Leaf samples of Q. rubra and Q. robur were collected in September 2023 on the territory of the M.M. Gryshko National Botanical Garden of the National Academy of Sciences of Ukraine. To study the anatomical structure of petioles for each species, 5-10 mature average leaves, normally developed and intact, were randomly selected. Leaves were collected from 3-5 trees, mostly from the sunny side, at a height of 2-2.5 m. Petioles for anatomical studies were fixed and preserved in 70 % alcohol.

Cross sections of the petioles were made by hand with a razor. During staining, petiole sections were kept for 1 min. in 0.1 % (w/v) aqueous solution of safranin, then washed with 70 % ethanol, followed by staining with 1 % (w/v) aqueous solution of Astra Blue for 10 min. and washed with distilled water (Kraus et al., 1998). All cross sections were examined with a SUNNY XSM-20 6500 microscope, photographed with a Sigeta MCMOS 5100 5.1 MP digital camera, and processed with ToupView v. software. 3.7.
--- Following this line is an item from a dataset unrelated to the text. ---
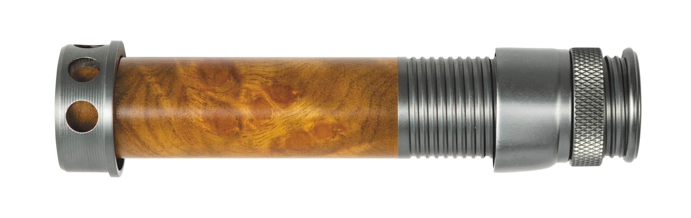 Uchwyt do kołowrotka Traper – tytan C wykonany jest z naturalnego drewna egzotycznego, co nadaje mu elegancki wygląd i trwałość. Każdy egzemplarz może różnić się nieznacznie kolorem i słojami drewna, dzięki czemu jest unikalny. Produkt marki Traper zapewnia wygodne i estetyczne mocowanie kołowrotka, zwiększając komfort wędkowania.

When studying the anatomical structure of the petioles, the geometry of the cross section, features of the epidermis (cell sizes, thickness of the outer cell wall together with the cuticle) were analysed; presence of trichomes; degree of collenchyma development; the thickness of the mechanical coating, the diameter of the fibers and the thickness of their cell walls; the nature of the arrangement of vascular bundles and the presence of inter-bundle areas; the thickness of the phloem and xylem, the diameter of the vessels in the latter and the presence of fibers; peculiarities of the distribution of crystalline inclusions in tissues, their size and shape.

Quantitative anatomical measurements for each species were performed using Image J software. The sample for anatomometric measurements was at least 25-100 values; arithmetic mean (M) and standard deviation (±SD) were calculated.

Common histochemical reactions were used to detect: lipophilic compounds - with Sudan III; phenolic compounds - with iron (III) chloride 2 %; lignified structures - with a 1 % alcohol solution of phloroglucinol followed by concentrated HCl; starch - with Lugol's solution (Kovalov et al., 2014).

Research results and their discussion

A statistical evaluation of the features of the anatomical structure of Q. robur and Q. rubra petioles is given in table 1.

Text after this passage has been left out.